Buku: Wathathitha karya Sosiawan Leak.
Kumpulan
Puisi: Wathathitha
Karya: Sosiawan Leak
Penerbit:
Basabasi
Cetakan Kedua: 2018
Isi: 90 judulpuisi dalam 9 subtema
Harga: Rp 48.000.
Pemesanan: 0813 1632 0671 (Wawan) / 0812
2580 1375 (Sosiawan
Leak)
Puitika
Wathathitha
Pada
pakeliran wayang kulit di Jawa (khususnya di Jawa Tengah, Jawa Timur, dan
Yogyakarta) para dalang mafhum bahwa beberapa tokoh dalam cerita pewayangan,
baik yang berasal dari babon Ramayana maupun Mahabarata, mempunyai idiolek
serta idiom (ungkapan khusus) milik masing-masing tokoh yang khas dan sangat
mempribadi.
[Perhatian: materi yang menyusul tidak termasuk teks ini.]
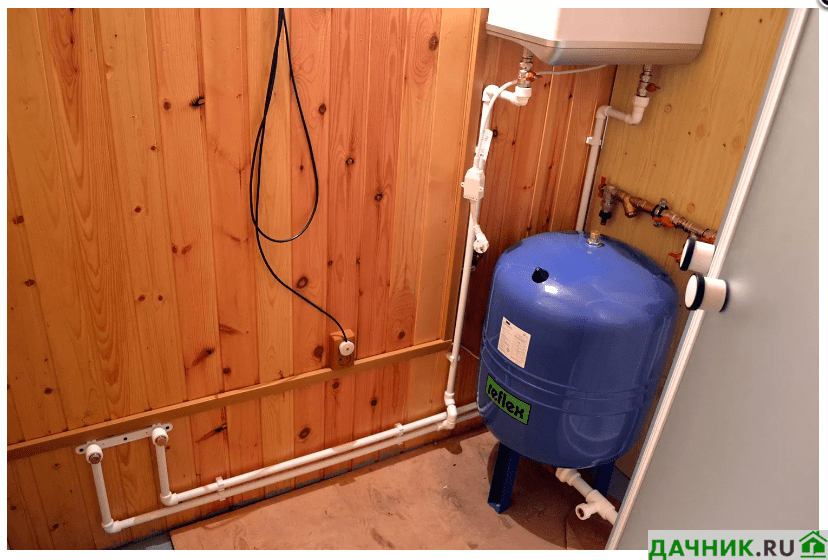 На дачном участке подачу воды в бак с подогревом делают от централизованного водопровода или обустроенного колодца. Для этого от колодезного насоса или от гидроаккумулятора прокладывают водопроводную трубу.

Ditambah dengan pola ucap stereotip berikut karakter vokal dan
antawecana yang ajeg, ungkapan itu menjadi penanda bagi tokoh tertentu yang
diugemi para dalang sebagai bagian dari pakem pakeliran, disamping diamini oleh
masyarakat penonton (utamanya yang fasih dan fanatik terhadap wayang).
Terlepas, apakah ungkapan itu mengandung arti tertentu serta tercantum di dalam
kamus atau tidak.
Maka
ketika idiom “lae-lae”, diucapkan sang dalang dalam nada tinggi, dengan suara
agak melengking, dan tempo lambat, sudah dapat diduga tokoh yang sedang
berbicara adalah Semar. Ditambah dengan frasa “mbegegeg ugeg-ugeg mel-mel
sadhulita” (lewat suara dalang yang dalam dan berat), sesekali mendahului
kalimat yang bakal diucapkan, makin bisa dipastikan bahwa yang sedang berdialog
adalah sang tetua punakawan dalam cerita Mahabarata versi Sunan Kalijaga.
Demikian
pula jika terdengar sang dalang mengucapkan “wrekencong-wrekencong waru doyong”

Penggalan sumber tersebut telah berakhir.